Thoughts? Is this asking too much? I know the way Sibelius handled this was often headache-inducing and sometimes resulted in elements jumping around a la MS Word, but it was still better than handling everything in a program like Illustrator after the fact, which makes revising a score in the future really really tedious.

Thanks for your thoughts on this, Philip. Although I’m sure you’re right that we cannot possibly anticipate and then accommodate every possible idiosyncratic notation, I think we can go a long way, and our philosophy is certainly to try to handle these things as semantically as we can rather than falling back on simply adding symbols. That said, there is also clearly a need for generic “symbol” and “line” (and probably “drawing”) features to allow you to do things that are not directly within Dorico’s capabilities, and I anticipate that we will add these over time. For now, you can do quite a lot with using Shift+X text and the ‘Music text’ character style and copying and pasting symbols from the SMuFL web site, or with importing graphics into graphic frames (though these of course are page-relative rather than music-relative so should probably only be done near the end of the process).

Thanks for your thoughts Daniel—this is encouraging to hear.
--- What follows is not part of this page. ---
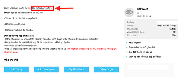 Bước 3: Tại giao diện Thi thử, người dùng chọn Khối muốn dự thi tại vị trí từ hộp chọn Xin mời chọn khối.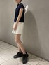 ネイビー×ホワイトのシンプルコーデ。 配色をシンプルに色数も少なくまとめれば、柄物も挑戦しやすい! ネイビーのアニマルプリントで上品な印象に○

In general I am loving Dorico so far, and the overall elegance of the software’s handling of basic notational necessities (many of which your competitors still struggle with or outright ignore) far outweighs the few “missing” features as of v. 1. Shift-X text works for most things for now for me, with a few exceptions, though I’ve only completed one full composition within Dorico. I suspect larger-scale projects will present other challenges and will invite creative solutions.

I’m thrilled with the work your team is doing, and especially with how communicative you are with your user base as things unfold. Keep up the good work!